MaxSAT Evaluation 2022
Affiliated with SAT 2022   ·   August 2-5   ·   Haifa, Israel

Rules

General

    Withdrawal

    A solver can be withdrawn from MaxSAT Evaluation 2022 only before the deadline for the submission of the final versions. After this deadline no further changes or withdrawals of the solvers are possible.

    Number of solver submissions

    The evaluation organizers reserve the right to restrict the number of solver submissions originating from the same author(s) based on computation resource limitations.

    Per-instance solver tuning

    Embedding strategies specific to particular instances in the solver is considered to be against the spirit of the evaluation which aims to encourage the advancement of MaxSat solvers with wide coverage and general applicability.

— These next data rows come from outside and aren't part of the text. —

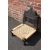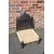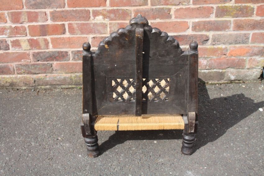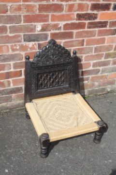 AN UNUSUAL EBONISED TRIBAL LOW STOOL / SEAT, the carved and pierced folding hinged back, above a wicker seat, raised on four turned feet, overall H 75, W 57 cm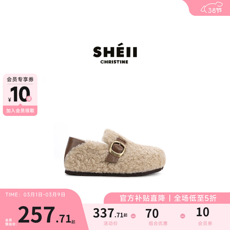 苏茵茵泰迪小面包可踩跟两穿内增高保暖毛毛拖鞋女单鞋冬季 奶茶色(原创专利设计月亮底+D家升级350G保暖绒 36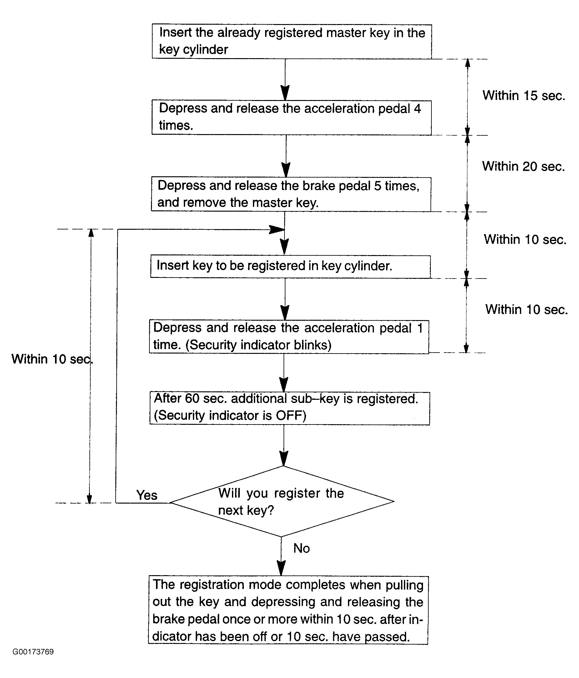 There are 2 ways for registration of an additional sub-key, one way is depressing the brake pedal and acceleration and the other way is using the hand-held tester. When using the brake and accelerator pedal for additional sub-key registration, refer to flowchart. See Fig 1. When using the hand-held tester for additional sub-key registration, refer to flowchart. See Fig 2.

Hence solvers are not allowed to employ triggers to modify their behaviour, that are deemed to be specific to particular instances. The final ruling on whether or not a solver is using instance specific tuning will be made on a case-by-case basis by the organizers, but only after further consultation with the solver developers. Participants are encouraged to consult the organizers in case of doubt.

    Disqualification

    A solver will not be immediate disqualified if it displays a wrong solution during the execution of the evaluation. The organizers will aim to provide all participants a fair chance of submitting bug fixes to their solvers in a timely manner based on feedback on wrong results. However, the organizers reserve the right to limit the number of resubmissions of a buggy solver based on resource limitations. A solver is considered buggy under the following circumstances.

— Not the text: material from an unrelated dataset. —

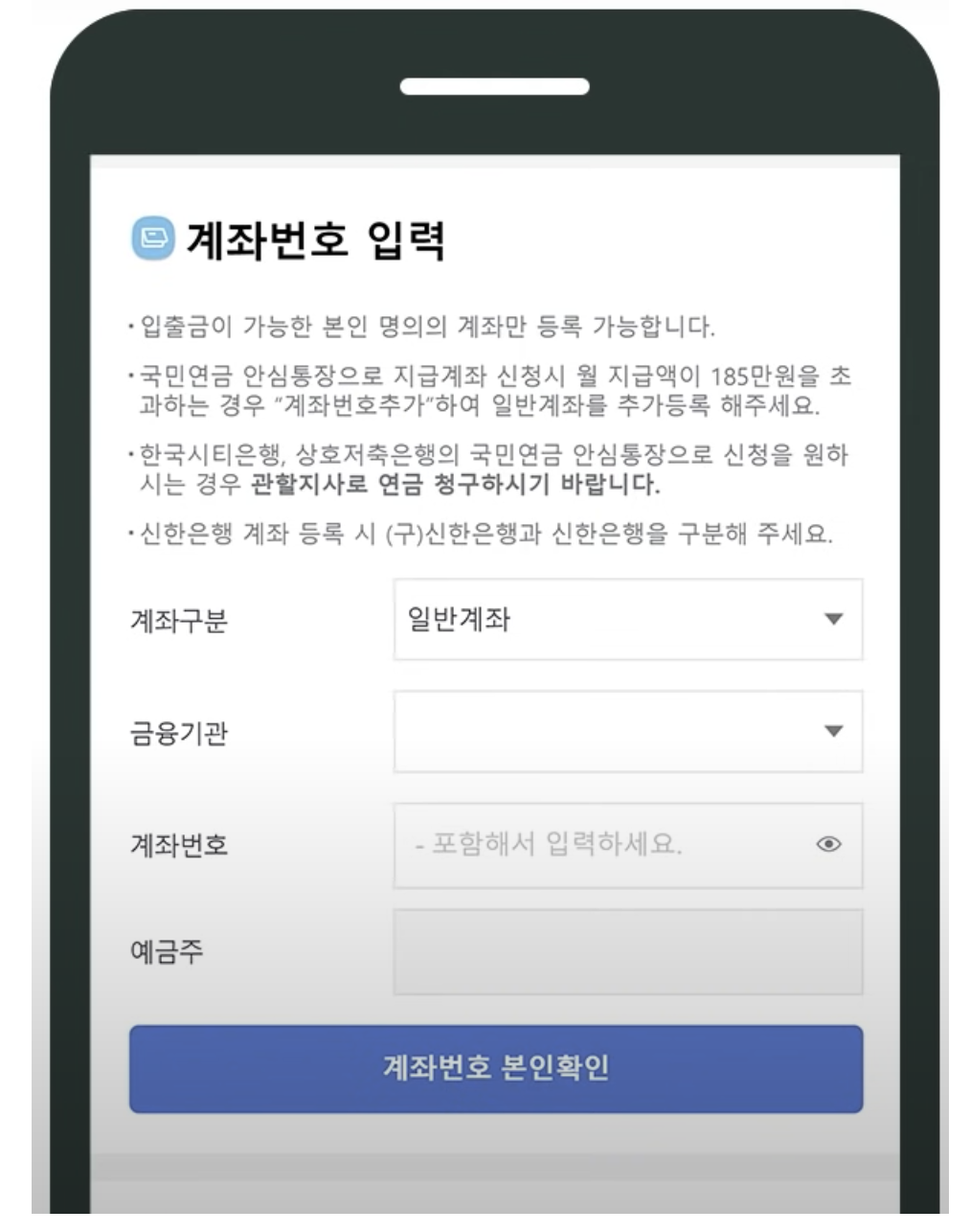 | 본인명의 계좌사본 | ▶️온라인 계좌사본준비 | 분할연금 대상자가 있는경우 | |

    • The solver in the main tracks reports a truth assignment in a "v" line that does not satisfy the hard clauses.
    • The solver in the main tracks for complete solvers reports "s OPTIMUM FOUND" but the truth assignment reported in its "v" line has cost higher than another known solution.
    • The solver in the main track reports a cost on its "o" that does not match the actual cost of the truth assignment reported on the "v" line.
    • The solver in the incremental track does not correctly implement ipamir_solve, ipamir_val_lit or ipamir_val_obj as specified in the IPAMIR header.
    • The solver crashes on a significant number of instances.
    If the solver's bug cannot be resolved, the submitters will still have the option of having the solver's correct results tabulated and reported in the table of results. However, the results will be marked to indicate that the solver also generated some incorrect results.

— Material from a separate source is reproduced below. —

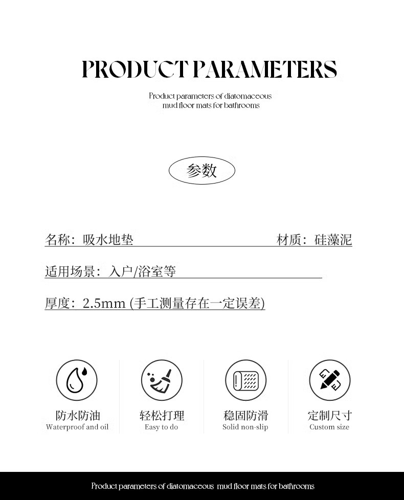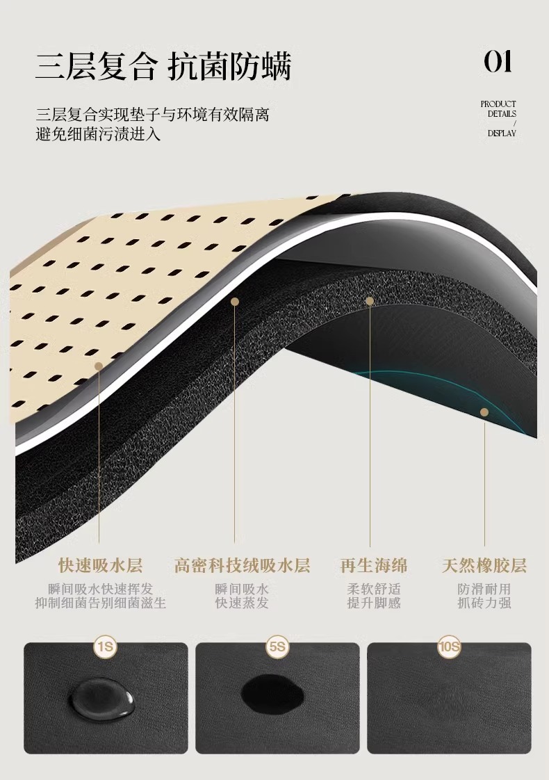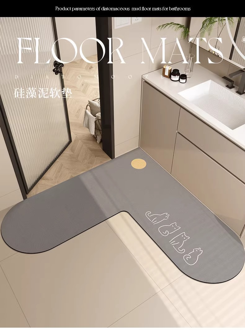 • Wangshan Huaji 규조토 진흙 바닥 매트 둥근 L자형

    Use of Processor Cores

    In each track, solvers much use only a single core of the processor on the computing node it is run on. Solvers making use of multiple cores (for parallel computations) will be disqualified.

    Open source requirement

    Solver source code originating from the authors (including modifications to third-party source code such as SAT solvers as part of a solver) must be submitted together with a corresponding solver binary that can, for main track solvers, be directly run on StarExec. The source code package of each solver participating in the evaluation will be made available at the time when MaxSAT Evaluation 2022 results are presented at the SAT 2022 conference. In case bug fixes are submitted during the evaluation (i.e., if requested by the evaluation organizers), the bug-fixed source package must also be submitted together with a bug-fixed solver binary. A solver is allowed to use external binaries of unmodified third-party libraries. Source code need not be submitted for such libraries. However, if the library is non-standard (i.e., not STL, Boost, etc.) its identity and usage in the solver should be clearly specified in the solver description.

    Solver description

    Each entrant to MaxSAT Evaluation 2022 must include a short (at least 1, at most 2 pages) description of the system. This should include a list of all authors of the system and their present institutional affiliations. It should also provide details of any non-standard algorithmic techniques (e.g., heuristics, simplification/learning techniques, etc.) and data structures, as well as references to relevant literature (be they by the authors themselves or by others). The system description must be formatted in IEEE Proceedings style, and submitted as PDF. The system descriptions will be posted on the MaxSAT Evaluation 2022 website. Furthermore, given that the quality and number of system descriptions is high enough, the organizers are considering publishing the collection of system description as a report under the report series of Department of Computer Science, University of Helsinki (with an ISSN number).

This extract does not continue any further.